1956 film by Jack Hannah

Hooked Bear is a 1956 short film in the Humphrey the Bear series.

==Plot==
Fishing season has begun and park ranger J. Audubon Woodlore goes out on the lake to check on the anglers. Humphrey the Bear is trying to catch some fish, but cannot seem to hold onto one once he catches it. Woodlore sees the fish disappearing before his eyes, so he decides to stock the lake with some more. As he heads to the fish hatchery, he sees Humphrey with a few fishing nets and rods, and asks him what he is doing. When the bear tells him that he is going to catch some fish, Woodlore takes the rods and nets and tells him to "Go fish like a bear!" At the hatchery, Woodlore selects an envelope of fish eggs from a collection of eggs. He fills a tub with water and inserts the eggs into it. In a matter of seconds, several fishes pop up out of the water like plants out of soil.

When the ranger gets to the lake to dump the fish, he finds Humphrey in there, trying to eat one of the small fishes, which is then consumed by a much larger fish. Humphrey manages to remove the small fish from the mouth of the large fish, and then uses it to lure five other large fishes that jump out of the water, but then Woodlore appears to measure the fish. As he measures the small fish, he states that it's too small. So Humphrey stretches the small fish, to make it look bigger. An annoyed Woodlore hits Humphrey on the head with an oar, causing him to sink into the depths of the lake. When Humphrey grabs some more fish and emerges from the lake, he discovers a fish larger than any of the others; this turns out to be a fish balloon with which a young boy is playing. Humphrey pops the balloon, and both the boy and Woodlore kick the bear in the knee which the latter told Humphrey to leave the kid alone when Humphrey told Woodlore what happen.

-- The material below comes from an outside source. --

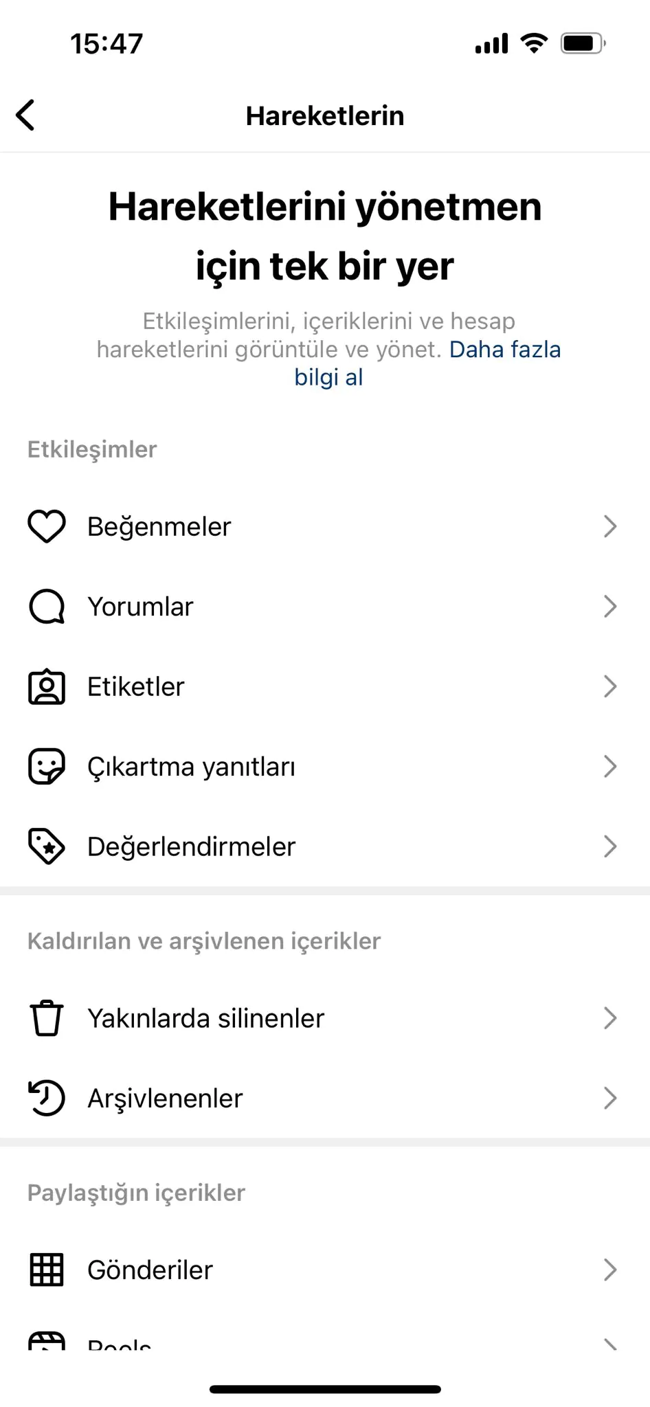 Öncelikle hesap profilinizi açın ve sağ üst köşedeki üç çizgi simgesinden ‘ hareketlerin ‘sayfasını açalım. Burada bizi tam 6 kategori karşılıyor.

Humphrey then tries to think of another way to foil the anglers; noticing the boy from before walking along the lake with a toy boat, he removes the bottom from the boat, ties it onto his head like a hat, and then submerges himself into the lake so that the hat looks like a shark's dorsal fin to the anglers, causing them to flee in terror. Humphrey then takes all of the anglers' bags of fish, but upon seeing the ranger, he loads the fish into Woodlore's helicopter, giving him more of a full load than he was expecting. He then decides to stuff himself into the plane, which proves to be too small for him and the fish, and then all of the fish in the helicopter, along with Humphrey, are deposited into the lake.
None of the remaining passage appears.